Порядок… У меня действительно сложилось ощущение военного порядка. Такую строгость к себе и окружающему миру мог воспитать только дисциплинированный человек. И мне вспомнилась фраза моего первого командира в военном училище: «Дисциплина поможет преодолеть все».

Строгость. Порядок. Дисциплина.

Все эти черты сплелись в один жгут, и я с трудом разделил его на части.

Строгость. Я отметил ее в облике Риты.

Дисциплина. Она у нее хромала, значит, было чему хромать. И это я подбил ее под ноги – пригласил в свой номер, напоил… Мое поле деятельности – оно паханое и перепаханное. Я собирал урожай с этого поля. Несколько лет армейской муштры – это серьезный, тяжелый подъем в гору, и где-то там, уже на недосягаемой высоте, осталась моя форма – и как наружный облик, и как до краев переполненная емкость, и как письменный формуляр, составленный двумя сторонами: пост сдал, пост принял. Я не мог долго оставаться на вершине – ничего интересного там нет: захватывает процесс подъема, включая подготовительные мероприятия, и спуск, конечно. Я выбрал скоростной спуск. Скатился в низину, где испорченность нравов считалась нормой.

Все это было применимо и к Рите. Строгая, порядочная, дисциплинированная, она скатилась прямо на постель гостиничного номера. В зеркальном отображении, как и положено, правое стало левым, левое – правым. Раскрасневшееся, возбужденное лицо… Нет, не я – она была великолепна в своей призывной позе, она была единственной и неповторимой… Я поворачиваюсь к ней лицом. Я вижу его так четко в последний раз – сейчас она выключит верхний свет и уже при свете ночника нальет нам вина… Она привела меня в комнату, держа за руку, как напуганного ребенка, не отпуская ни на мгновение. Я до сих пор ощущаю ее горячую и чуть шершавую ладонь…

Все это в прошлом, но я не мог противиться памяти: она бросала меня на свои острые шипы…

Цветы. Цветочки. Ягодки.

Мы с ней – одного поля ягоды. Если копнуть на штык, можно найти ее армейские корни…
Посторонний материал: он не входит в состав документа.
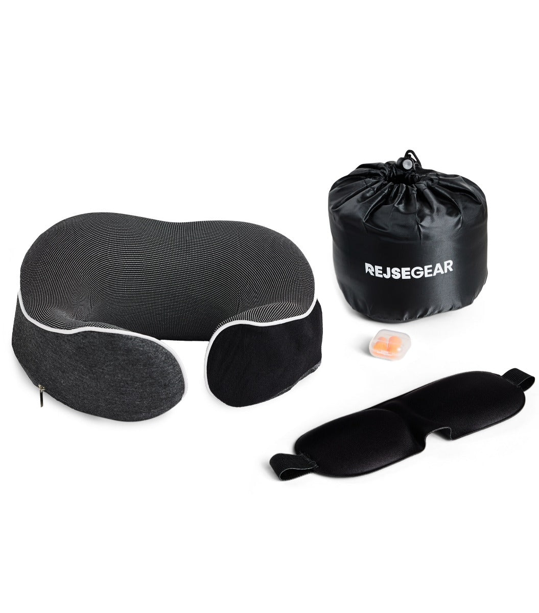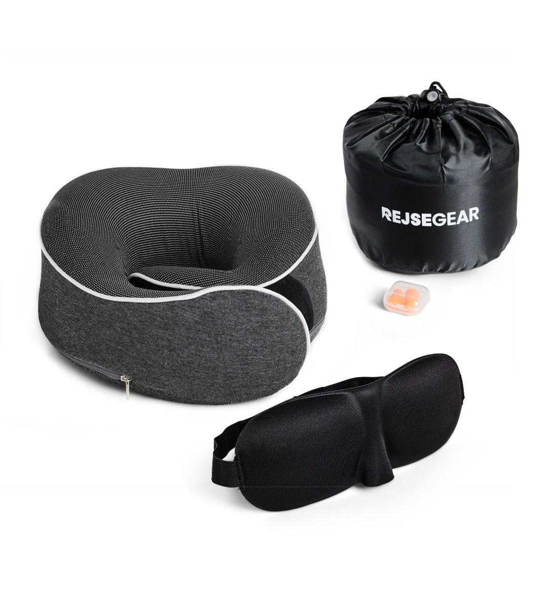 - Inkluderet: Nakkepude, sovemaske, ørepropper, opbevaringspose
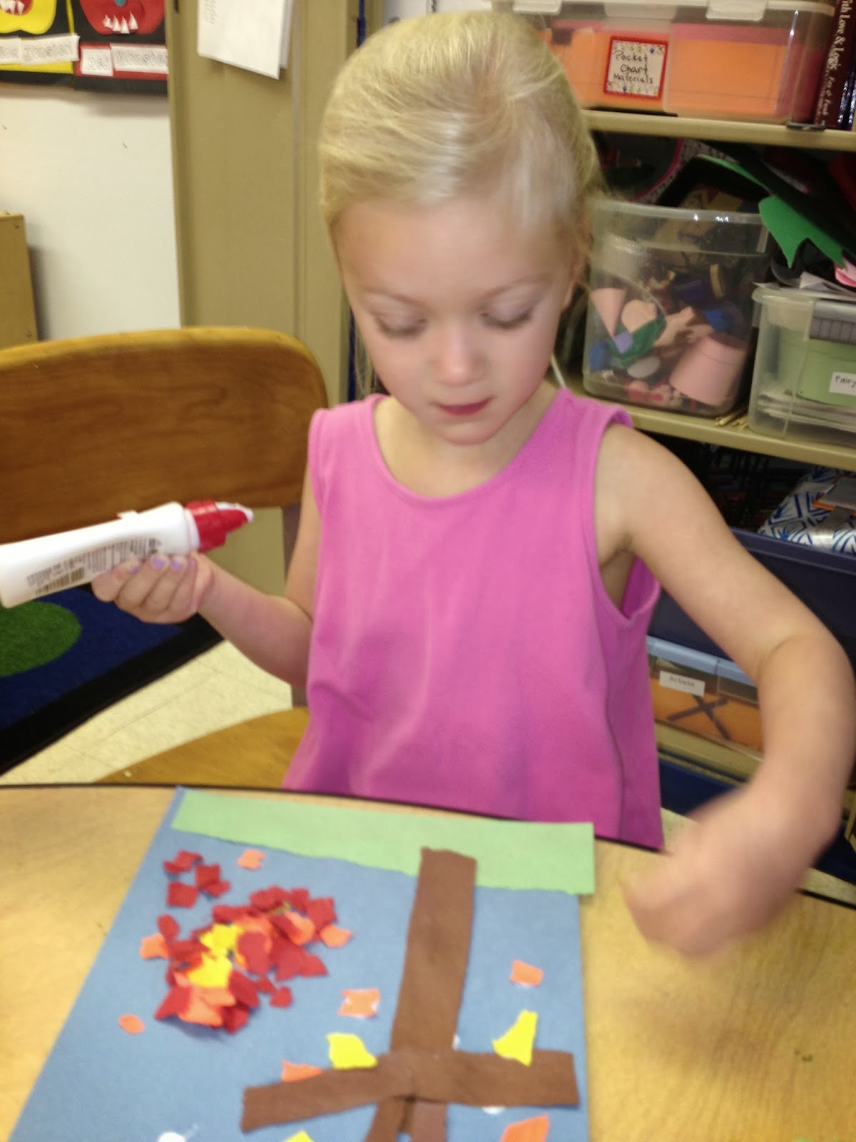 Another torn paper project involved making fall trees from torn pieces of construction paper. Tearing the paper is great fine motor skill work and always love the way the kids chose to place their leaves.

Глава 11 «Что растет в твоем саду?»

Стеллаж с компакт-дисками. Здесь собрана внушительная коллекция музыки – от англичанки Адель и шведа Албана до итальянца Зукерро и американца Заппы. Еще более внушительно выглядит собрание фильмов. И здесь на первом месте сериалы по мотивам произведений Агаты Кристи: «Мисс Марпл», «Пуаро Агаты Кристи», «Чисто английские убийства». Самостоятельных фильмов – единицы. И я представил Риту: вечера она проводила перед телевизором и даже на ночь включала, как колыбельную, какой-нибудь фильм. Может быть, этот?

Я снял с полки бокс с названием «Что растет в твоем саду?», открыл его, пробежал глазами текст на внутренней стороне обложки: «Одинокая пожилая женщина написала Пуаро письмо, в котором говорится о том, что она нуждается в его помощи. Когда сыщик приехал к пожилой даме, оказалось, что она уже мертва…»

Я глянул на проигрыватель, и взгляд мой наполнился тоской: если на каком-нибудь из дисков хранится полезная для расследования информация, то сколько времени потребуется на просмотр всех этих дисков?

Диски не были фирменными, равно как и пиратскими. Они относились к формату для однократной записи. Помимо фильма, скачанного из сети, на него можно было скинуть любую информацию: звуковой или видеофайл, текстовый или графический документ и так далее, и не факт, что в меню отразится полная информация о содержимом диска. Во всяком случае, на обычном проигрывателе она не отобразится точно, только на персональном компьютере.

– Посмотрим, что растет в твоем саду? – обронил я, устраиваясь напротив телевизора и вооружаясь двумя пультами: – Сергей Карапетян отдыхает, да?

Кросс выразил недовольство ворчанием:

– Эта стрельба по-македонски обязательна?

Я оставил его брюзжание без ответа и сосредоточился на просмотре.

Фирменная заставка, узнаваемая музыка. А сейчас – еще более знакомая, аранжированная в ненависти к Советскому Союзу: «Священная война». Этакое глумление над страной, которая, согласно западной идеологии, не сыграла главную роль в борьбе с гитлеровской Германией, а оккупировала «Восточные земли Европы». Я вернулся к фильму…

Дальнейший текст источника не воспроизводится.